[WHAT YOU ARE ASKED TO DO] The pictures in the listing below are to be skipped, while the lines between the line holding "El STC Metro" and the line holding "Mess Modern Dekoratif", inclusive, are to be output exactly.

+++ GIVEN MATERIAL

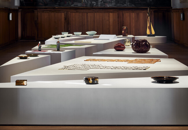 今春、イタリアのヴェネツィアで世界各地の優れたものづくりを紹介する「ホモ・ファーベル展」(4月10日~5月1日)が開催され、その企画の一つ「12 Stone Garden」では、陶芸、染織、漆芸、人形など12名の重要無形文化財保持者(人間国宝)とその作品が紹介されました。日本の人間国宝の作品を一堂に集めた本展は、日本の新しい魅力としての伝統工芸がイタリアの人々を魅了しました。本展は、多くの出品者や関係者の強い要望を受け、ヴェネツィアにおける企画を帰国展として、プロダクトデザイナーの深澤直人と当館館長・内田篤呉のキュレーションにより開催するものです。深澤直人デザインの展示空間に、写真家・川内倫子による映像とともに、12人の人間国宝の作品を紹介します。
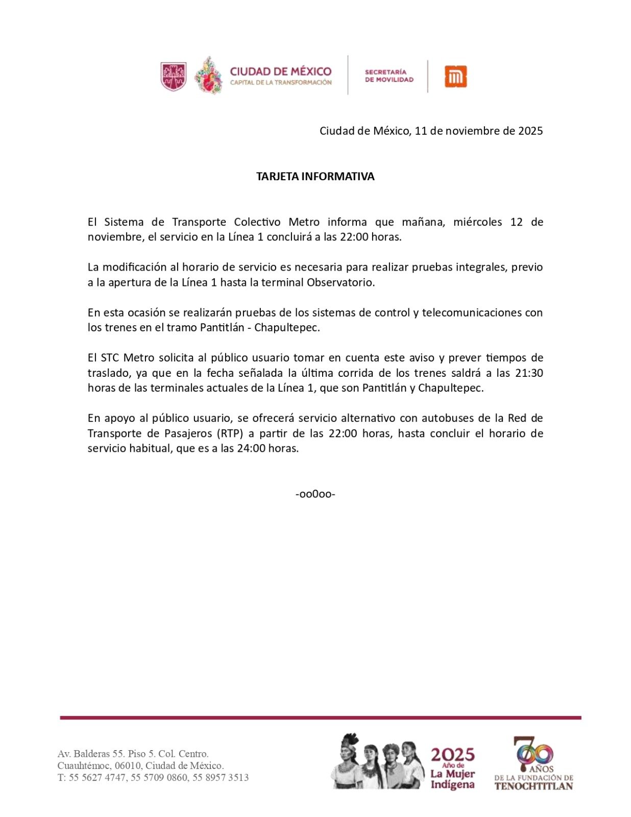 El STC Metro solicitó al público usuario tomar en cuenta este aviso y prever tiempos de traslado, pues la última corrida de trenes saldrá a las 21:30 horas de las terminales actuales de la Línea 1, que son Pantitlán y Chapultepec.
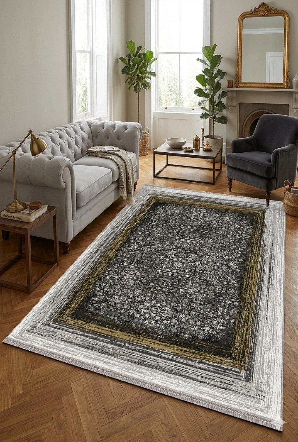 Mess Modern Dekoratif Yumuşak Dokulu Sisal Halı 3946 Gri Siyah
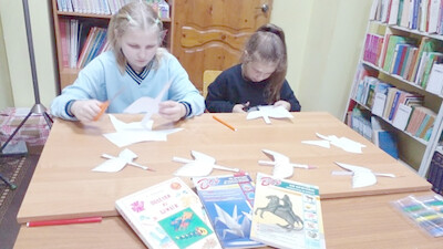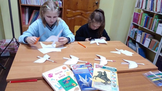 В преддверии Дня Белых Журавлей в библиотеке прошёл мастер - класс «Белый журавлик - символ памяти» по изготовлению бумажных журавлей. Белые журавли - красивый символ светлой памяти о павших на полях сражений. Сотрудник детской библиотеки Черных Т. А. провела мастер – класс по изготовлению бумажных журавликов. Юные читатели библиотеки изготовили бумажных журавлей и почтили память тех, кто положил свои жизни на алтарь Победы на полях сражений. Бумажные журавлики поселились на книжной выставке.

++++++

[EXERCISE ANSWER]
 El STC Metro solicitó al público usuario tomar en cuenta este aviso y prever tiempos de traslado, pues la última corrida de trenes saldrá a las 21:30 horas de las terminales actuales de la Línea 1, que son Pantitlán y Chapultepec.
 Mess Modern Dekoratif Yumuşak Dokulu Sisal Halı 3946 Gri Siyah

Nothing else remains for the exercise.